Everything in the listing except the pictures should be written out exactly.

Dataset section:
###

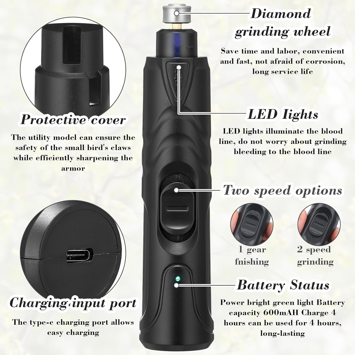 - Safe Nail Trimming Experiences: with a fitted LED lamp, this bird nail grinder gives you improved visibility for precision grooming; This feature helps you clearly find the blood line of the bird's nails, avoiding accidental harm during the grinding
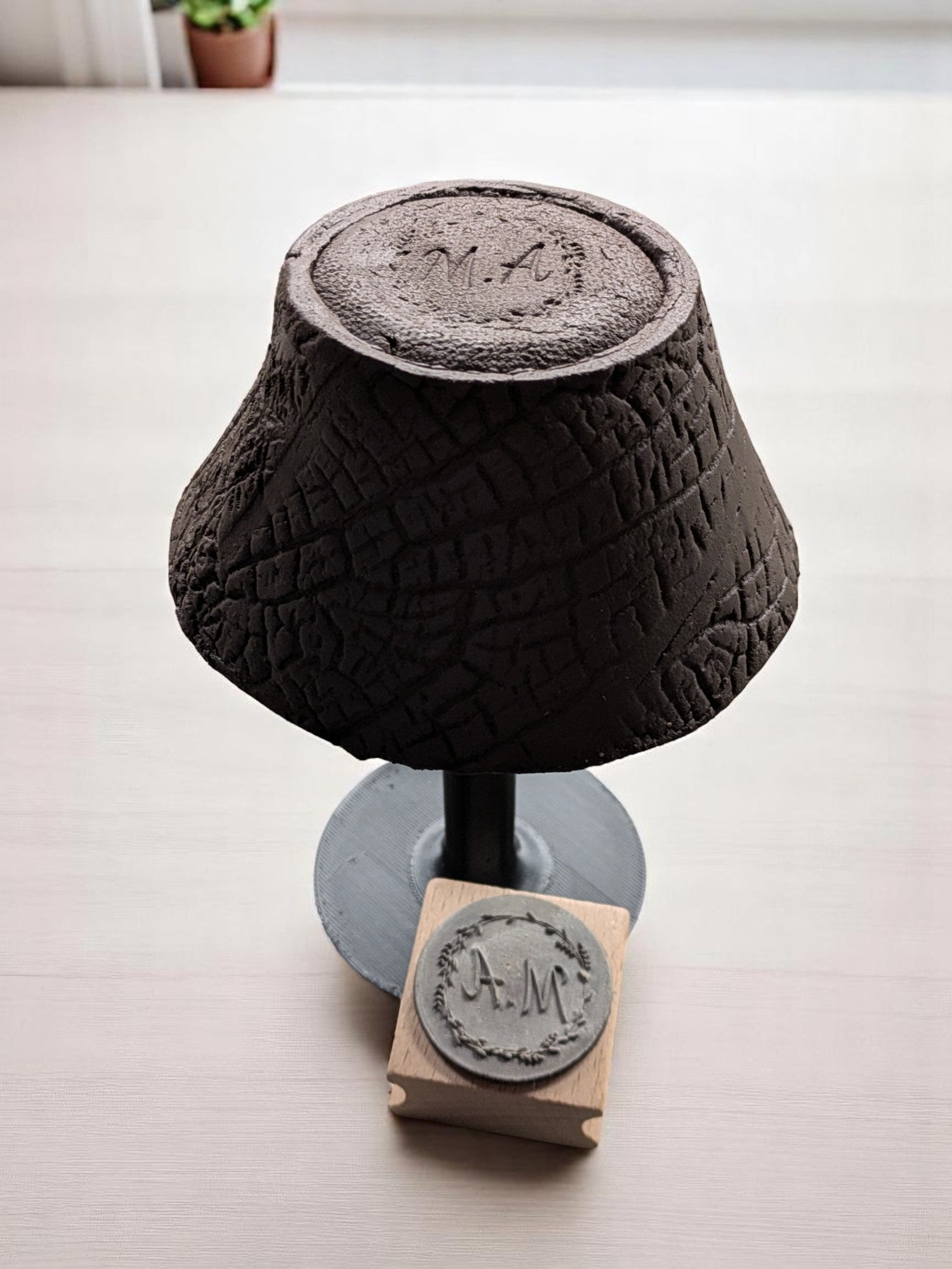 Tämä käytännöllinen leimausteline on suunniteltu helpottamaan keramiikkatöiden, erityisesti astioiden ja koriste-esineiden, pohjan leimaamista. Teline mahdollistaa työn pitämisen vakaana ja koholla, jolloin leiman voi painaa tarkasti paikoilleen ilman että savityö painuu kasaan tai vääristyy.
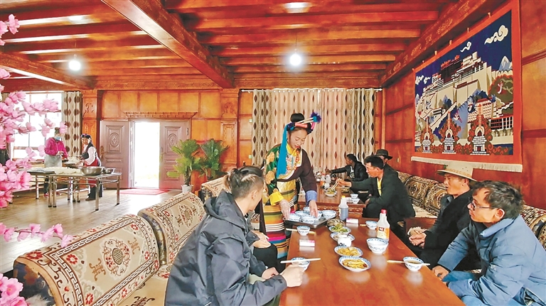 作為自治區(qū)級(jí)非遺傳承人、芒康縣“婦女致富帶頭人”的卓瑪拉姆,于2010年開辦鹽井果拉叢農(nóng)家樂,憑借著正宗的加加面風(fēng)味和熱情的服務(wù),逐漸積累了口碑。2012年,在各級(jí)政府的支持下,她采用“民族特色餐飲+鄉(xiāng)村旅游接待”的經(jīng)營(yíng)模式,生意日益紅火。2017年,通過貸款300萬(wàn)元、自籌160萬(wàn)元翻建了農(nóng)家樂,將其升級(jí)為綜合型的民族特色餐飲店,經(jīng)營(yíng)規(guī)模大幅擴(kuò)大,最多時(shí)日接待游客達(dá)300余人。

###

Response to this task:
 - Safe Nail Trimming Experiences: with a fitted LED lamp, this bird nail grinder gives you improved visibility for precision grooming; This feature helps you clearly find the blood line of the bird's nails, avoiding accidental harm during the grinding
 Tämä käytännöllinen leimausteline on suunniteltu helpottamaan keramiikkatöiden, erityisesti astioiden ja koriste-esineiden, pohjan leimaamista. Teline mahdollistaa työn pitämisen vakaana ja koholla, jolloin leiman voi painaa tarkasti paikoilleen ilman että savityö painuu kasaan tai vääristyy.
 作為自治區(qū)級(jí)非遺傳承人、芒康縣“婦女致富帶頭人”的卓瑪拉姆,于2010年開辦鹽井果拉叢農(nóng)家樂,憑借著正宗的加加面風(fēng)味和熱情的服務(wù),逐漸積累了口碑。2012年,在各級(jí)政府的支持下,她采用“民族特色餐飲+鄉(xiāng)村旅游接待”的經(jīng)營(yíng)模式,生意日益紅火。2017年,通過貸款300萬(wàn)元、自籌160萬(wàn)元翻建了農(nóng)家樂,將其升級(jí)為綜合型的民族特色餐飲店,經(jīng)營(yíng)規(guī)模大幅擴(kuò)大,最多時(shí)日接待游客達(dá)300余人。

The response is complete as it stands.